**** Records for this exercise ****

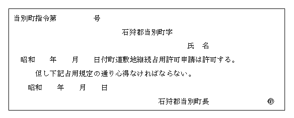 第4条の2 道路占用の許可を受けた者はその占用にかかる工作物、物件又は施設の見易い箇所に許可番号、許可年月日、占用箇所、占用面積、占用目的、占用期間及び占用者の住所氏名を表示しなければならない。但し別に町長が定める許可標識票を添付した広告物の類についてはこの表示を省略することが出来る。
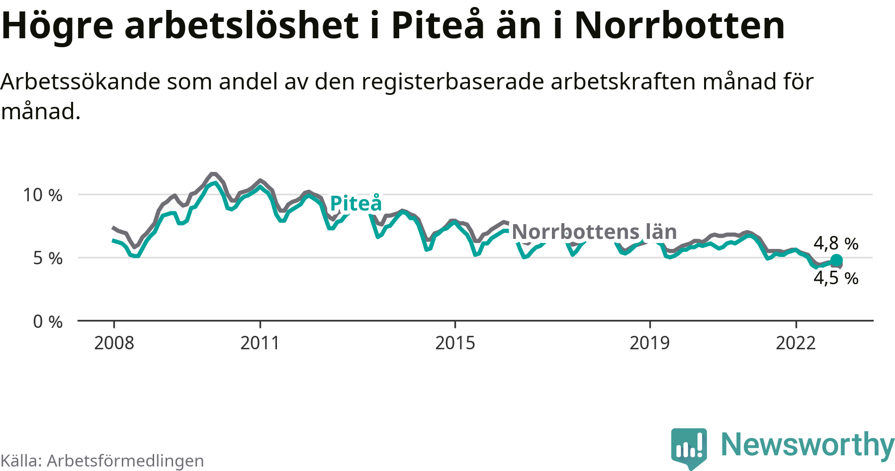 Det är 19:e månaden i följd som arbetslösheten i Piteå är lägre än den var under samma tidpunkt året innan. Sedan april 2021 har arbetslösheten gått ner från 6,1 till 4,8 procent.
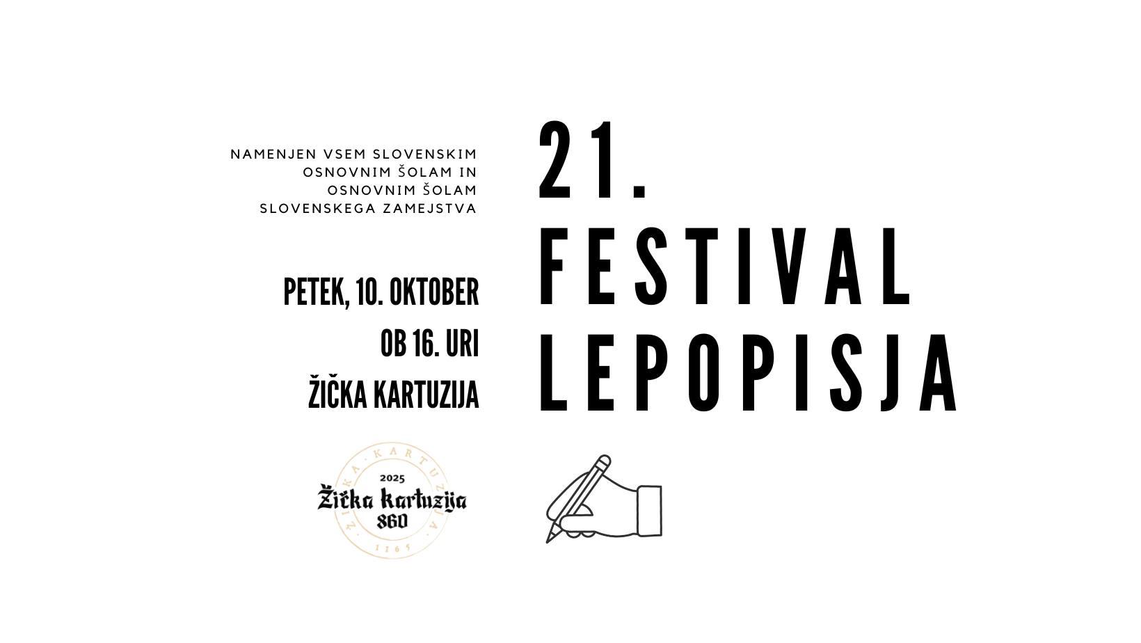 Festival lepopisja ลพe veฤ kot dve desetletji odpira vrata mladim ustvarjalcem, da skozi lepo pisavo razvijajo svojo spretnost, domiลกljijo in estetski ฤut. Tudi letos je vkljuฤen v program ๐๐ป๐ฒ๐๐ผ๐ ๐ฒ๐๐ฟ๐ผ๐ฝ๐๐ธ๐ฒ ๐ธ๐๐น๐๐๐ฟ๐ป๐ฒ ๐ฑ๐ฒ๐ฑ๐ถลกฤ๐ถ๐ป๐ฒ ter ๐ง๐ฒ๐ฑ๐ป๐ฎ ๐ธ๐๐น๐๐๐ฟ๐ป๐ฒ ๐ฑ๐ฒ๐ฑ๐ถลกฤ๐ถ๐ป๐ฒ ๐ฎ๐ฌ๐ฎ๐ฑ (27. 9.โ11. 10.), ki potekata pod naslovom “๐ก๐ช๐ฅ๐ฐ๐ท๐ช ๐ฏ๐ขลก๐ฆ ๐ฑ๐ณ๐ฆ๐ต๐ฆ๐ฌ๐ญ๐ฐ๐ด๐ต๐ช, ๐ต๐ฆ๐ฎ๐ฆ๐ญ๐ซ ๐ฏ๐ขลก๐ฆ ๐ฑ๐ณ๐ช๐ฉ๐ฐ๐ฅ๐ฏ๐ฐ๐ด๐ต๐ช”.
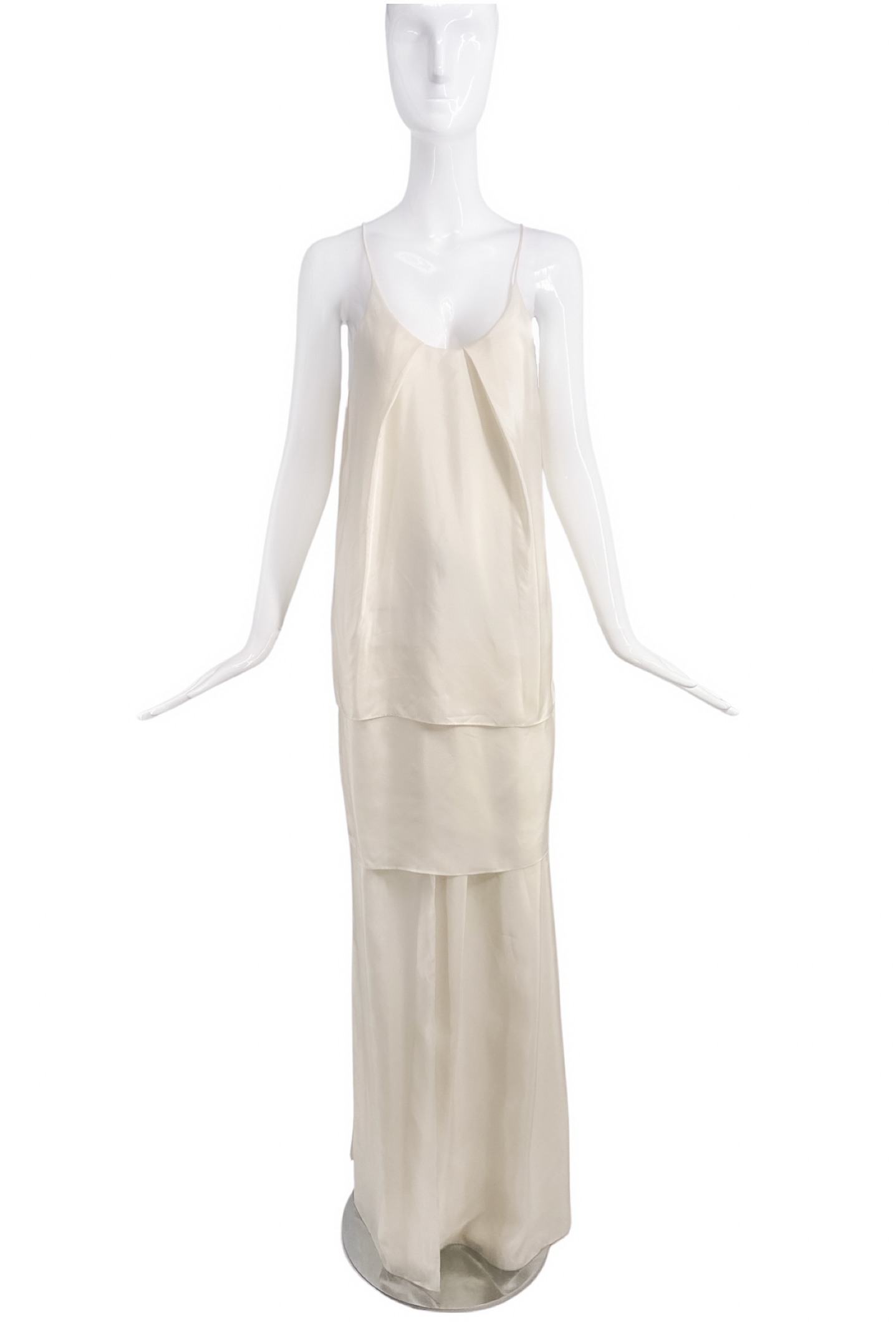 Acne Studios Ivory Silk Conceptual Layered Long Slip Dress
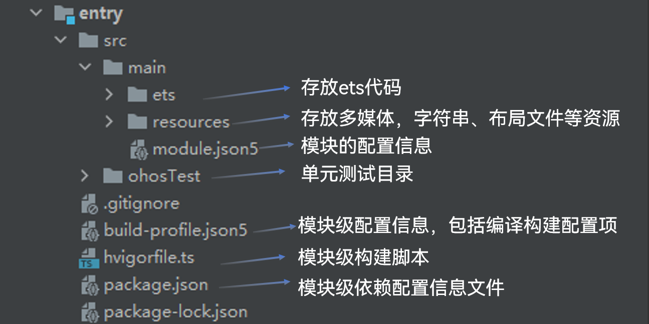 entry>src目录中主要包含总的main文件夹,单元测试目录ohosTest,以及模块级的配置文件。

****

- _Exercise directions_: Starting from the line containing "Det är 19:e", repeat each line exactly through the end of the entries, including the last, while leaving pictures out.

- _Answer below_:
 Det är 19:e månaden i följd som arbetslösheten i Piteå är lägre än den var under samma tidpunkt året innan. Sedan april 2021 har arbetslösheten gått ner från 6,1 till 4,8 procent.
 Festival lepopisja ลพe veฤ kot dve desetletji odpira vrata mladim ustvarjalcem, da skozi lepo pisavo razvijajo svojo spretnost, domiลกljijo in estetski ฤut. Tudi letos je vkljuฤen v program ๐๐ป๐ฒ๐๐ผ๐ ๐ฒ๐๐ฟ๐ผ๐ฝ๐๐ธ๐ฒ ๐ธ๐๐น๐๐๐ฟ๐ป๐ฒ ๐ฑ๐ฒ๐ฑ๐ถลกฤ๐ถ๐ป๐ฒ ter ๐ง๐ฒ๐ฑ๐ป๐ฎ ๐ธ๐๐น๐๐๐ฟ๐ป๐ฒ ๐ฑ๐ฒ๐ฑ๐ถลกฤ๐ถ๐ป๐ฒ ๐ฎ๐ฌ๐ฎ๐ฑ (27. 9.โ11. 10.), ki potekata pod naslovom “๐ก๐ช๐ฅ๐ฐ๐ท๐ช ๐ฏ๐ขลก๐ฆ ๐ฑ๐ณ๐ฆ๐ต๐ฆ๐ฌ๐ญ๐ฐ๐ด๐ต๐ช, ๐ต๐ฆ๐ฎ๐ฆ๐ญ๐ซ ๐ฏ๐ขลก๐ฆ ๐ฑ๐ณ๐ช๐ฉ๐ฐ๐ฅ๐ฏ๐ฐ๐ด๐ต๐ช”.
 Acne Studios Ivory Silk Conceptual Layered Long Slip Dress
 entry>src目录中主要包含总的main文件夹,单元测试目录ohosTest,以及模块级的配置文件。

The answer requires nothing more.